ああ、そうだ、これが道尾秀介さんだ。
と、読み終わったあとしばらく余韻に浸ってしまった。
本書『透明カメレオン』は、道尾さんの作家生活10周年を記念して、あらゆる情熱を注ぎ込んで書いた作品。
単行本で読んでいましたが、先日文庫化したのをキッカケにもう一回読みました。涙腺がやられました。
すでに道尾さんの作品が好きなら必見の一冊です。
道尾さんの作品をあまり読んだことがない方にも手にとってほしいです。
道尾秀介『透明カメレオン』
主人公となるのは、ラジオパーソナリティの恭太郎。
冴えない容姿ですが、彼は人を魅了する素敵な声の持ち主だった。
見た目と良すぎる声のギャップのせいで一時引きこもりになったが、ラジオに救われたことをきっかけに、その声のおかげもあって今や人気ラジオパーソナリティとなった。
そんな彼は、行きつけのバー「if」の常連客で、他のお客さんの話を面白おかしくしてリスナーに届けている。
ある大雨の日、一人の美女が、ほとんど放心状態でバーにやってきて、「コースター」と呟いた。
言われた通りコースターを渡すが、興味を全く持たず、そのままバーをフラフラと出て行った。
一体なにがあったというのか?
「あたし気付いちゃったんだけど」
手を下ろし、綺麗に手入れされた親指の爪をピンク色の唇で挟み込みながら、彼女は続けた。
「あの子……殺した、って言ったんじゃないのかな」
P.29より
ドタバタな始まり、ワクワクの中盤
さて、そんなことをキッカケに、恭太郎を含めた「if」のメンバーは、謎の美女が提案する「殺人計画」を手伝わされることになります。
弱みを握られ言われるがままに協力をするのですが、彼女の指示が意味不明。一体彼女はなにがしたいのか。その目的が全く見えてこない。
それはつまり、どんどん物語にのめり込んでしまうってことです。
次どうなるの?早く真実が知りたいよ!と心が悲鳴をあげています。ページをめくる手が止まらない止まらない。
道尾さん曰く、「作家になってから初めて自分のためではなく読者のために書いた作品」とのことですが、確かに随所に読者を楽しませるような場面が多く見られます。
序盤から中盤まではドタバタコメディで先が全く読めないのですが、中盤以降、伏線が回収されていきだんだんと目的が明らかになっていく構成はさすがの道尾さん。
ワクワクさせるのが本当にお上手ですよねえ。
そしてラストの
道尾さんといえば、最後にどんでん返しを仕込んでくる作品が多くて、毎回どんな一発を放ってくれるのかを期待させます。

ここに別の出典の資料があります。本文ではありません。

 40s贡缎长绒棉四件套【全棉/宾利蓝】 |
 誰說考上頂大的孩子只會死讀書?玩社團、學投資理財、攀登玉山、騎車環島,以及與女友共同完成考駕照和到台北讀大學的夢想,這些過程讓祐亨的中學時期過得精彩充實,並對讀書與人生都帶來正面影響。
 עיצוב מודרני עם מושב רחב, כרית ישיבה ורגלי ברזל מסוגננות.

今回もわかってた。なんかラストに仕掛けてくるんだろうなーって。このままじゃ終わらせないだろうなーって。
で、やっぱりあった。最後のたたみかけるように明らかになっていく真相。
これは、どんでん返しとかそういうものではなくて、
「ああ……そういうことだったんだ……」
と、衝撃の前にどうしようもなく涙が溢れ出てきてしまうような、そんな最後なのです。
これが道尾さんなんだよなあ。
読み終わったと、『透明カメレオン』というタイトルと「if」というバーの店名にも胸を打たれた。

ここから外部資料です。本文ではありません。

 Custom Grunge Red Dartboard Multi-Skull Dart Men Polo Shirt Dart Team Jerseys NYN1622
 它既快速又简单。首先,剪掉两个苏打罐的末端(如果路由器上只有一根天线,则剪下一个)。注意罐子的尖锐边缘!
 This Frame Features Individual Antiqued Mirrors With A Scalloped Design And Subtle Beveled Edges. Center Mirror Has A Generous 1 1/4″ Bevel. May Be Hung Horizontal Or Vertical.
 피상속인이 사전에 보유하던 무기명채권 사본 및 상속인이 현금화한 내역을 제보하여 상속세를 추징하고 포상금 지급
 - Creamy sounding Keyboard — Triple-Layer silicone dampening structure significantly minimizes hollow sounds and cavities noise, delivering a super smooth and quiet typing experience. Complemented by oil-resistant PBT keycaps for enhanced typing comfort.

帯に書いてある『驚愕と感涙のラストが待つ、最強のエンタメ小説!!』っていかにも大げさな感じだけど、嘘じゃない。
おわりに
そう、この物語はラジオパーソナリティの恭太郎だからできたこと。
テレビと違い、出演者の姿が見えないラジオは「言葉」の持つ力がとても強く感じられるから。

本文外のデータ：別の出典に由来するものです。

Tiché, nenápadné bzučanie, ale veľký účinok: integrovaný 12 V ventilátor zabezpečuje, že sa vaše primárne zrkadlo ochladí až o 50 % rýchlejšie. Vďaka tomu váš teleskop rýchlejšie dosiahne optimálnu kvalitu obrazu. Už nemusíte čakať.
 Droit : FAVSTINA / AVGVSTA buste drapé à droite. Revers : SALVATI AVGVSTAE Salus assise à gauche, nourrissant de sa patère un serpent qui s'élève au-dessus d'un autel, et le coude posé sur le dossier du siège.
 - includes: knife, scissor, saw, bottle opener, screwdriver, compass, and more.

私は、最後の恭太郎の言うことが心にぶっ刺さりすぎて心肺停止しかけました。涙ですぎて脱水症状にもなりかけました。
なにが「声だけ」素敵なラジオパーソナリティですか。
声だけじゃなくて、中身も心もすごい素敵じゃないですか。恭太郎、ありがとう。
嘘をつくことは悪いことなのか。
この作品を読めば、世界を平和にする嘘も存在すると認めざるを得なくなる。
そんな、温かい作品です。
あのときこうしていたら。ああしていたら。そんなことは考えても仕方がない。行動の結果なんて誰にもわからない。選択自体が間違いだったわけじゃない。それなら、いまをつくり変えるしかない。
P.429より

コメント
コメント一覧 (4件)
透明カメレオン!!
もちろん大好きですよ~私も。
彼らの真実を知ったとき、泣きました(*σ´ェ`)σ
優しい嘘ですよね。
これは、私も道尾作品でも結構上位ですね。
でも次の、サイコパスな新作も早く読みたいです!!
いやーですよね。hitomiさんなら絶対大好きなやつだと思っていました。
これで泣かないわけがない。
読後のなんとも言えぬ余韻。
ほんとに名作です。
それにしても次のサイコパス作品が気になって仕方ありません!!
どうなるんだ!!期待しちゃうぞ!(*´∀`*)
たしか、スケルトンキーっていうタイトルで、今連載してるみたいですよー。
楽しみですよね!!!
うわー!連載読みたいけど単行本出るまで我慢しますー。一気に読みたい派ですー(ノω`*)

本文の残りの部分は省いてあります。